**GOAL OF THE EXERCISE:**
Every entry must be set down exactly in the answer; no pictures should appear.

**DATA SUPPLIED:**
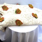 AFGHAN Handmade USA Crochet 70 x 60 inches 6.5" 6-sided put together with flowers Cream with orange and gold flowers with green leaves. New without tags very nice work You Are Enough 2176 $150 6 lbs
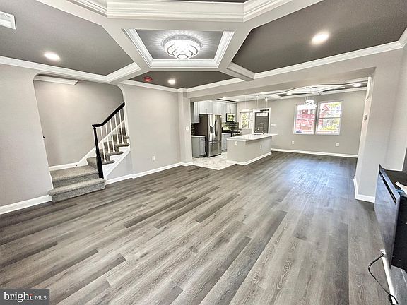 Welcome to this stunningly renovated Baltimore home that you're sure to fall in love with! Step in to the bright open concept main level with countless details from floor to ceiling. You are greeted with the spacious living room highlighting the coffered ceiling detail and elegant lighting. The kitchen is the star of the show with an expansive quartz island, modern finishes, and brand new stainless steel appliances. Off of the kitchen you are able to access the rear deck and yard which is the perfect space to create your own private oasis. Upper level features three carpeted bedrooms and a sleek new bathroom. The well-lit fully finished lower level includes a separate bedroom and new full bath, as well as a laundry area. Basement also includes walkout steps to rear yard. Come experience all the essence this home has to offer!!
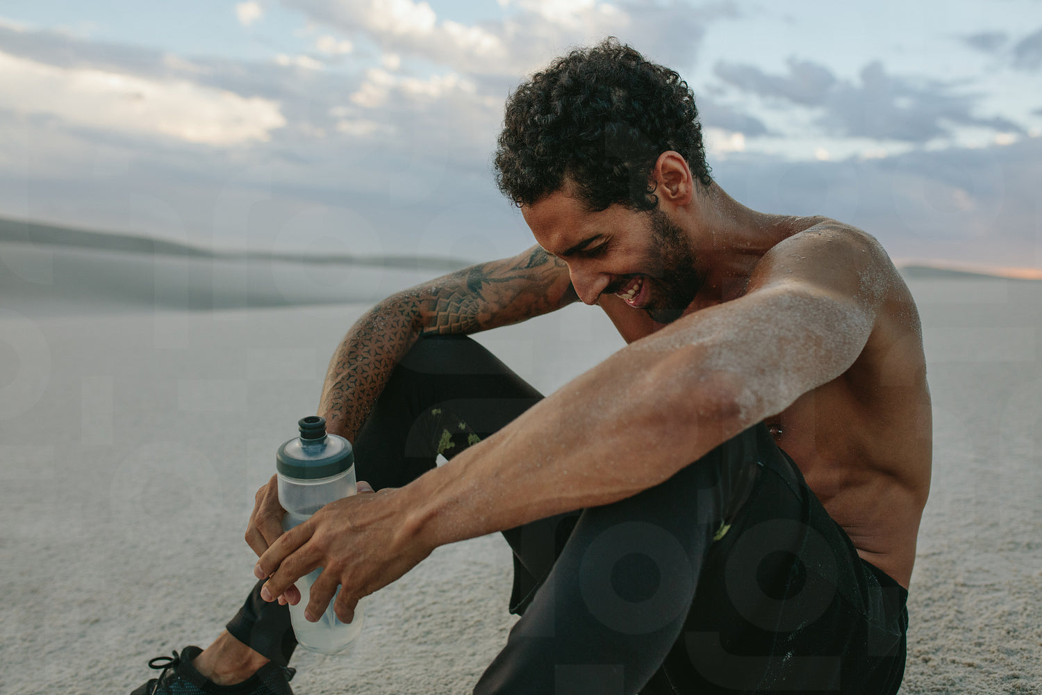 Happy male athlete sitting on sand dune with water bottle and smiling in evening. Man relaxing after exercising in desert.
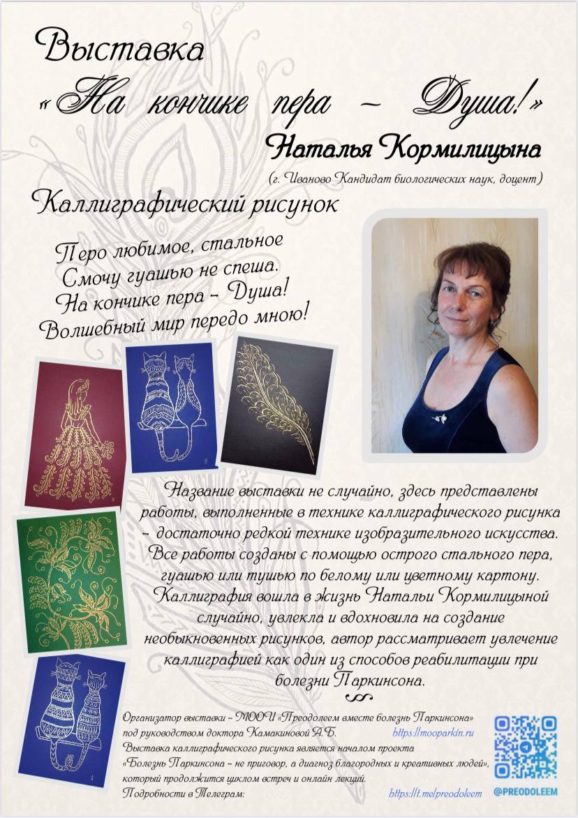 | МООИ "Преодолеем вместе" в апреле 2024 запустила новый проект "БП - не приговор, а руководство к действию", приуроченный к Дню борьбы с болезнью Паркинсона. Художественную выставку проводили впервые, в одной из московских библиотек.Работы были прекрасные, трудно поверить, что хрупкая женская рука могла создать такую красоту! Выставка была настолько необычной и интересной,что и до сих пор продолжает свое путешествие по Москве от одной площадки до другой и сопровождается творческими вечерами и мастер-классами Натальи.
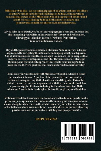 Millionaire Sudoku is not just a puzzle book; it's a captivating journey through the world of sudoku, intertwined with the elegance of fine art, designed to inspire readers to apply strategic thinking not only to puzzles but also to their life goals and aspirations. This meticulously crafted book elevates the traditional Sudoku experience to a luxurious realm of beauty, intellect, and personal growth. Each Sudoku puzzle within this exquisite collection is accompanied by breathtaking artwork reminiscent of what one might find gracing the walls of a millionaire's home or a prestigious art museum. The synergy between puzzle and art creates a unique theme for every challenge, each with its title, adding an extra layer of intrigue to the solving experience. The fusion of art and Sudoku serves as a metaphor for life itself. As readers engage with these puzzles and their accompanying artwork, they subtly absorb the principles of strategic problem-solving, patience, and perseverance-skills that are not only essential for conquering Sudoku grids but are also applicable to achieving one's ambitions and living a more fulfilling life. Millionaire Sudoku transcends the ordinary puzzle book. It encourages readers to contemplate the intricate balance between strategy and aesthetics, mirroring the delicate balance between pursuing one's passions and achieving success. With each solved puzzle, readers not only sharpen their Sudoku-solving skills but also gain insights into how these strategies can be transferred to overcome real-life challenges. Whether you're an avid Sudoku enthusiast seeking a novel experience or someone looking for a thoughtful gift that combines art and intellect, Millionaire Sudoku invites you to embark on a captivating journey where puzzles and art converge, offering inspiration and life lessons along the way. So, immerse yourself in this opulent world of puzzles, art, and self-discovery, and unlock the keys to both Sudoku mastery and a more fulfilling life.
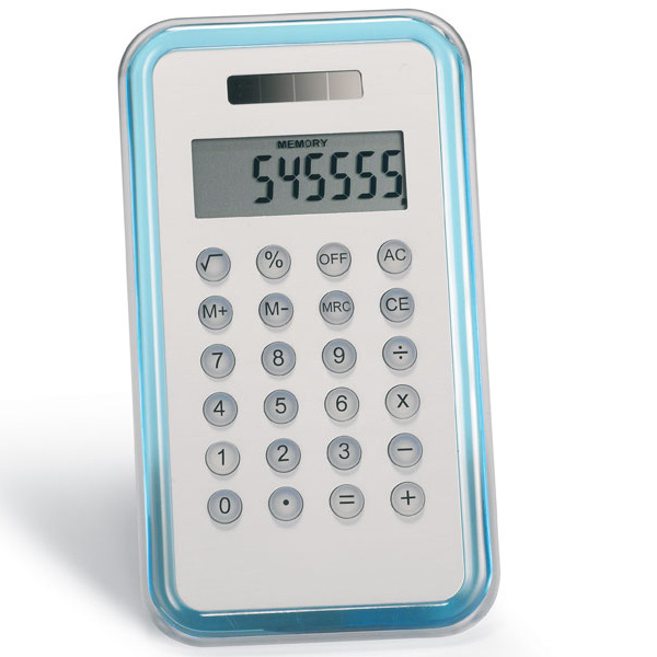 Kalkulator z wyświetlaczem na 8 pozycji, podwójnie zasilany, akryl i aluminium. 1 bateria dołączona.
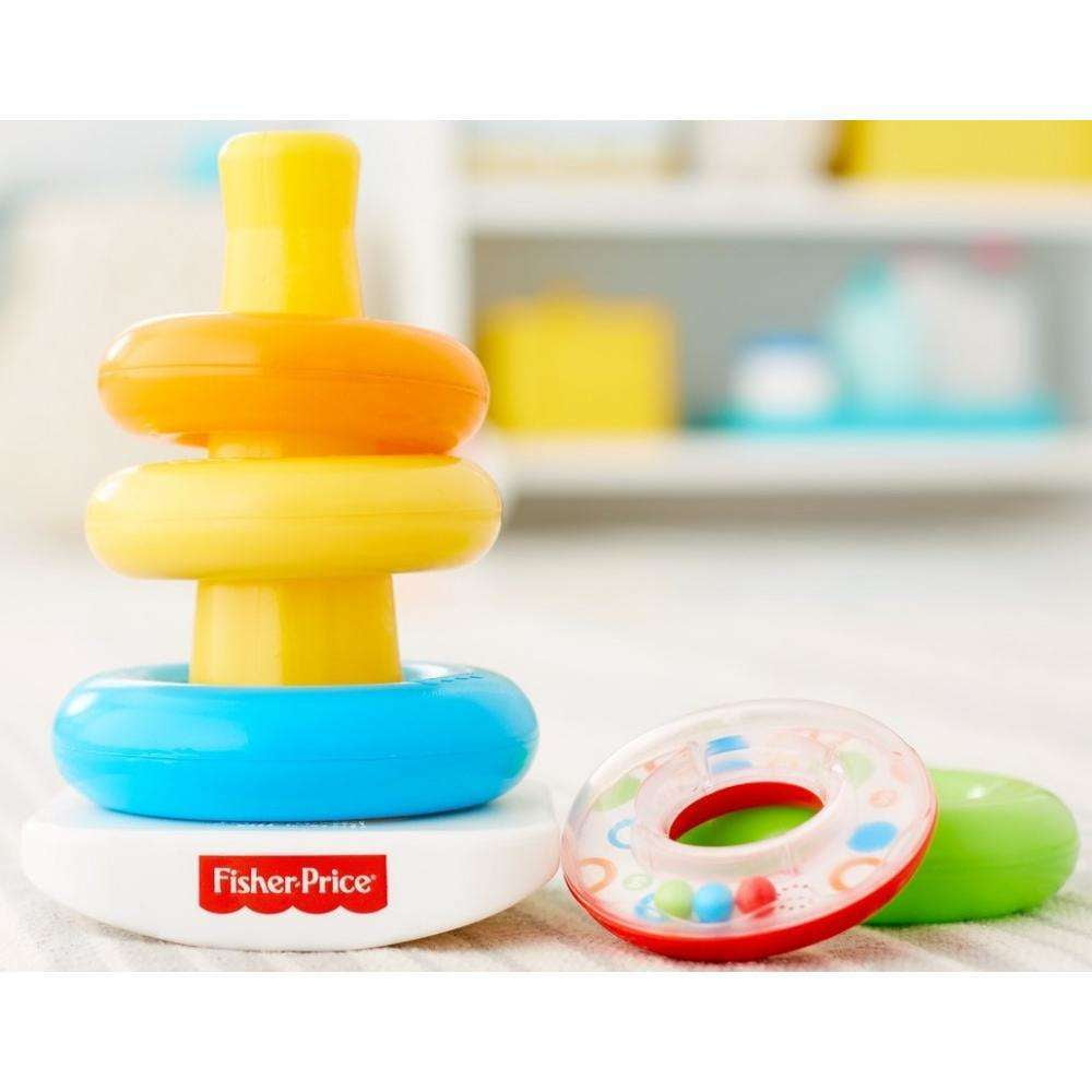 The Fisher-Price Rock-a-Stack toy is classic, colorful fun for your little one! Younger babies will love grasping, holding, shaking and exploring the five colorful rings. the littlest ring has a shiny, reflective surface for baby to discover inside-with colorful, swirling beads that make fun rattle sounds! When they’re ready to sit and stack, babies can place the rings on the post, then bat at the wobbly base to make it rock back and forth. Stacking helps them develop hand-eye coordination and introduces them to the concept of relative size as they learn to sort and stack from biggest to smallest!

**WRITTEN SOLUTION:**
 AFGHAN Handmade USA Crochet 70 x 60 inches 6.5" 6-sided put together with flowers Cream with orange and gold flowers with green leaves. New without tags very nice work You Are Enough 2176 $150 6 lbs
 Welcome to this stunningly renovated Baltimore home that you're sure to fall in love with! Step in to the bright open concept main level with countless details from floor to ceiling. You are greeted with the spacious living room highlighting the coffered ceiling detail and elegant lighting. The kitchen is the star of the show with an expansive quartz island, modern finishes, and brand new stainless steel appliances. Off of the kitchen you are able to access the rear deck and yard which is the perfect space to create your own private oasis. Upper level features three carpeted bedrooms and a sleek new bathroom. The well-lit fully finished lower level includes a separate bedroom and new full bath, as well as a laundry area. Basement also includes walkout steps to rear yard. Come experience all the essence this home has to offer!!
 Happy male athlete sitting on sand dune with water bottle and smiling in evening. Man relaxing after exercising in desert.
 | МООИ "Преодолеем вместе" в апреле 2024 запустила новый проект "БП - не приговор, а руководство к действию", приуроченный к Дню борьбы с болезнью Паркинсона. Художественную выставку проводили впервые, в одной из московских библиотек.Работы были прекрасные, трудно поверить, что хрупкая женская рука могла создать такую красоту! Выставка была настолько необычной и интересной,что и до сих пор продолжает свое путешествие по Москве от одной площадки до другой и сопровождается творческими вечерами и мастер-классами Натальи.
 Millionaire Sudoku is not just a puzzle book; it's a captivating journey through the world of sudoku, intertwined with the elegance of fine art, designed to inspire readers to apply strategic thinking not only to puzzles but also to their life goals and aspirations. This meticulously crafted book elevates the traditional Sudoku experience to a luxurious realm of beauty, intellect, and personal growth. Each Sudoku puzzle within this exquisite collection is accompanied by breathtaking artwork reminiscent of what one might find gracing the walls of a millionaire's home or a prestigious art museum. The synergy between puzzle and art creates a unique theme for every challenge, each with its title, adding an extra layer of intrigue to the solving experience. The fusion of art and Sudoku serves as a metaphor for life itself. As readers engage with these puzzles and their accompanying artwork, they subtly absorb the principles of strategic problem-solving, patience, and perseverance-skills that are not only essential for conquering Sudoku grids but are also applicable to achieving one's ambitions and living a more fulfilling life. Millionaire Sudoku transcends the ordinary puzzle book. It encourages readers to contemplate the intricate balance between strategy and aesthetics, mirroring the delicate balance between pursuing one's passions and achieving success. With each solved puzzle, readers not only sharpen their Sudoku-solving skills but also gain insights into how these strategies can be transferred to overcome real-life challenges. Whether you're an avid Sudoku enthusiast seeking a novel experience or someone looking for a thoughtful gift that combines art and intellect, Millionaire Sudoku invites you to embark on a captivating journey where puzzles and art converge, offering inspiration and life lessons along the way. So, immerse yourself in this opulent world of puzzles, art, and self-discovery, and unlock the keys to both Sudoku mastery and a more fulfilling life.
 Kalkulator z wyświetlaczem na 8 pozycji, podwójnie zasilany, akryl i aluminium. 1 bateria dołączona.
 The Fisher-Price Rock-a-Stack toy is classic, colorful fun for your little one! Younger babies will love grasping, holding, shaking and exploring the five colorful rings. the littlest ring has a shiny, reflective surface for baby to discover inside-with colorful, swirling beads that make fun rattle sounds! When they’re ready to sit and stack, babies can place the rings on the post, then bat at the wobbly base to make it rock back and forth. Stacking helps them develop hand-eye coordination and introduces them to the concept of relative size as they learn to sort and stack from biggest to smallest!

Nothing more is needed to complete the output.